Context Length & Memory
Context windows, truncation, RAG, and staying within limits.
Learning objectives
- Define context window and what happens when you exceed it
- Apply strategies: truncate, summarize, RAG
- Design Workshop Co. FAQ within a 128k window realistically
Context length = working memory limit
The context window is the maximum tokens the model can consider in one request (input + output combined on many APIs). Examples:
| Model tier (examples) | Context window |
|---|---|
| Smaller / older chat models | 8k–32k tokens |
| Current flagship APIs | 128k–200k+ tokens |
| Self-hosted 7B on 16 GB GPU | Often 4k–8k practical |
Larger context costs more per request and can reduce focus — “lost in the middle” effect where mid-document facts get ignored.
What happens when you overflow
- Hard error — API rejects request (400)
- Truncation — provider drops oldest messages (dangerous for support bots)

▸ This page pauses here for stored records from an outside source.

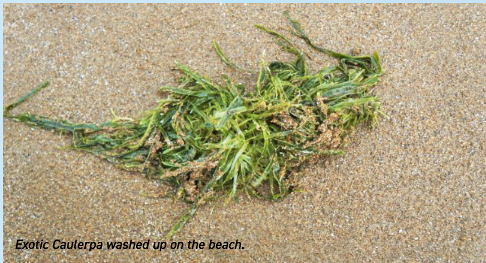
Exotic Caulerpa washed up on the beach.
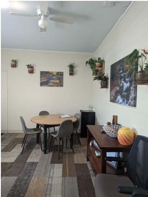
Figure 3: A room in the front-of-house for an alkaline hydrolysis facility, replete with plants, nature prints, and sculptures.

much larger space where that might be possible. At present, he has a little sitting room to host visitors, and the most obvious feature is the considerable number of plants that are placed on tiny shelves across the wall and on every available flat surface. I learned that the donated alkaline hydrolysis “tea” that results from the process is used to fertilize the plants, which appeared remarkably healthy considering the winter climate. Each plant is a small reminder of the benefits of processed remains.
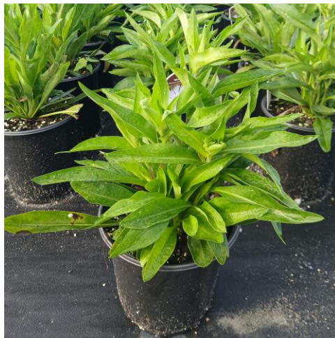
Stokesia laevis Mels Blue 1G
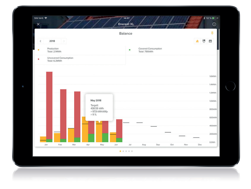
The balance chart is displayed as a bar graph with the target curve.
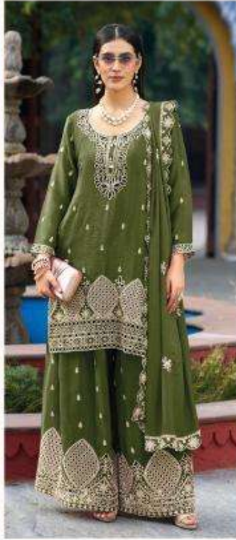
12011 - C
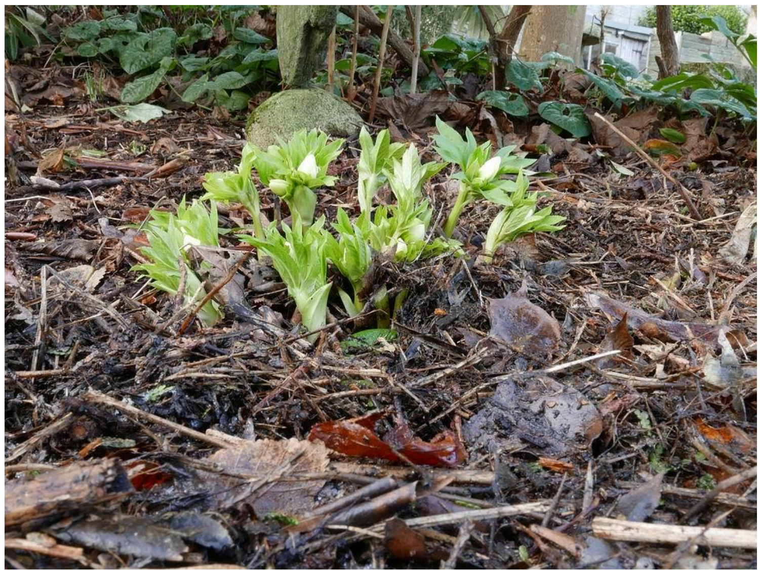
With the old leaves removed the new growths and surrounding plantings will get plenty of light, also you will see below that I have started to spread a mulch across this bed.
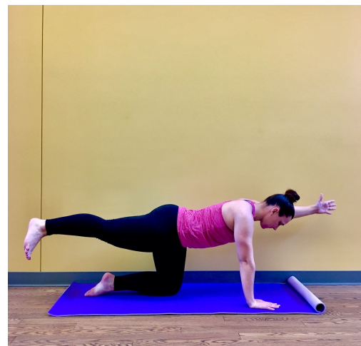
Figure 5: Bird Dog Pose

subjects. Body weight distribution differences between
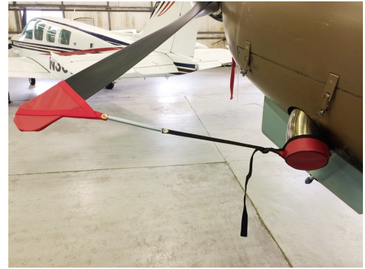
Siai Marchetti 1019 Prop Tie-Exhaust Covers
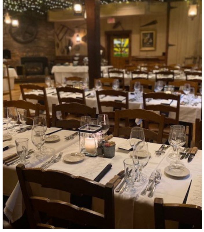
The Owners, Chef, Management and Staff have combined their efforts, commitment and talents to develop and present for you a special & unforgettable dining experience

- Summarize-then-continue — your code compresses history
RAG — Retrieval Augmented Generation
Instead of stuffing entire manuals into context:
Convert FAQ chunks to vectors (offline)
User question → top 3 relevant chunks only
LLM answers using those chunks as source
Worked example — Workshop Co. class FAQ
System: You answer from SOURCES only. Cite source id.
SOURCES:
[id:intro] Intro to Woodworking — Sat Mar 14, 9am, 6 seats, $189
[id:box] Box Joint — Sat Mar 21, sold out
User: Is there anything March 14 for beginners?
→ Model should cite [id:intro], not invent Apr dates
Try it yourself
Marcus wants to paste all 7 Swift Host textbooks into one support bot. Roughly 250k words. What should you tell him?
Answer
Do not paste wholesale — exceeds practical context and wastes tokens. Use RAG: chunk by chapter, embed, retrieve 2–5 relevant sections per question. Link to full chapters on site for humans.
Scenario
Support chat keeps “forgetting” the customer’s name after 30 messages. Likely cause?
Answer
Context truncation — early messages dropped when history exceeds window. Fix: rolling summary, CRM lookup by session ID, or store name server-side and re-inject in system prompt.